New disclosures that Kate was the one behind the Royal Family’s famous Ophrah fightback statement, showing that she truly is the real steely operator in the Palace.
Details of how the late Queen approved the subtle but strong comeback to Harry and Meghan’s poisonous attack on the monarchy, using the expression ‘recollections may vary’, have emerged in a book by royal correspondent Valentine Low.
A draft palace statement initially didn’t include the famous expression, and was a much milder version, though the Prince and Princess of Wales were said to have demanded it be toughened up a bit. While Kate was right behind her husband, it was said that she was even more firm than him on the matter.

When a courtier first suggested the ‘recollections may vary’ phrase, which was hailed as a classic iron fist in velvet glove royal manoeuvre, at least two palace officials argued against it in case it enraged Harry and Meghan further.
But it was Kate, then the Duchess of Cambridge, who pressed home the argument that it should remain, Mr Low’s books says.
He quotes a source as saying that it was Kate who clearly made the point, ‘History will judge this statement and unless this phrase or a phrase like it is included, everything that they have said will be taken as true’.

The source said it was an example of how Kate is often far steelier than she appears, and that she doesn’t get as much credit as she should, because she is so subtle about it.
He said she’s playing the long game and she’s always got her eye on, ‘This is my life and my historic path and that she’s going to be the Queen one day’.
Author Claudia Joseph recently revealed how lines of strong, indomitable women run through both sides of Kate’s family history.
Hers is a story featuring deprivation and hardship in the Durham coalfields and in the working-class suburbs of London. There was also privilege, too, and connections to high society.
The main theme, nevertheless, is one of strong, matriarchal figures.
Kate’s mother, Carole, made sure her three children had the best possible start in life.

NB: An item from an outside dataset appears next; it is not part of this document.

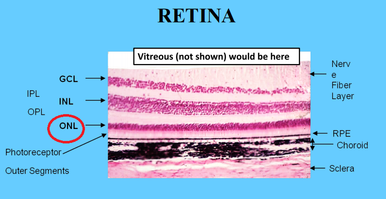 What cell type does the outer nuclear layer of the retina contain?

She got her drive and ambition from her own mother, Dorothy Goldsmith, who set her family on the road from poverty to prosperity, earning the affectionate moniker ‘Lady Dorothy’ along the way.

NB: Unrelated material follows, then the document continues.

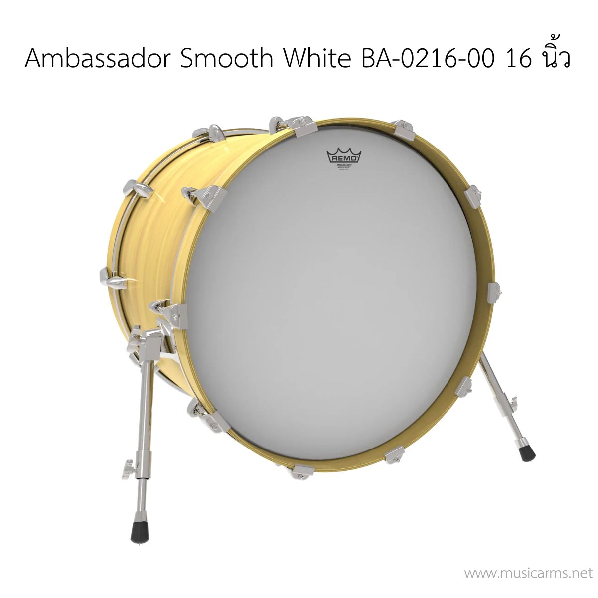 หนังกลอง Remo รุ่น Ambassador Smooth White BA-0216-00 ขนาด 16 นิ้ว (Batter/Resonant Head) หนังชั้นเดียว สำหรับด้านตี/ด้านล่าง
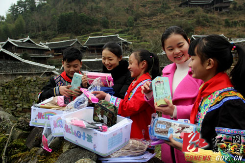 “哇,爱心套餐包太实用了,有围巾、帽子、雨伞、手电,还有健康应急包,真是超级高兴!”在发放仪式上,每一位领到爱心套餐包的孩子们迫不及待地翻看起来。中国儿童青少年基金会秘书长朱锡生介绍,此次“HELLO小孩”活动面向湖南省城步苗族自治县、隆回县、邵阳县三个国家级贫困县的2500个留守儿童发放爱心套餐,为孩子们提供了18种学习生活必需品,并准备了回音卡,为捐赠者和受助儿童架起了情感联络的桥梁。活动当天,朱锡生一行还看望慰问了长安营镇蒙敏锐、阳佳欣、杨居辉三名贫困学生。

Kate’s invincible great-grandmother Edith Goldsmith was another formidable woman, who smoked 20 Woodbines a day and brought up six children in Southall, then a working-class suburb for railway depot workers in west London.

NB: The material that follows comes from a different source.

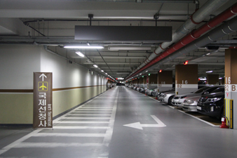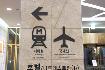 ロッテマートから出て、飛行機マークの案内板に従って進み、

Widowed in 1938, Edith Goldsmith was left to bring up her two youngest children Joyce, then 13, and Kate’s grandfather Ronald, then six, in a condemned flat, juggling work at a nearby Ticklers jam factory.
And another of the Princess’s great-grandmothers, Olive Lupton, who passed away 45 years before Kate was born, had worked to ensure her family left behind the atrocities of the First World War.
Kate’s second cousin Kim Sullivan said that Prince William was a lucky man because Kate came from a family of strong women and that hopefully, the country will benefit from her strength of character in the years to come.
But Kate’s not playing any game, long or otherwise. She’s fulfilling her responsibility and doing her job, as well as protecting her children’s future, and she seems to be an iron fist in a velvet glove, and hopefully, the fate of the Monarchy will be in safe hands with this couple.
Hopefully, they will inject a new meaning to their role, one which is of its time, and they both appear totally committed.
Kate playing the long game, not sure about that. The one that played the long game was Camilla. Kate didn’t need to play the long game, she won the game by right of marriage to William.
Kate always looks lovely and appears to be a happy and supportive wife and mother, and extremely respectful of the Royal Family and its traditions, and she always does her duties with warmth and commitment.
Katherine might look stunning, but she’s a silent Queen in waiting and has a great deal of backbone, which William will need when it’s time for him to become king.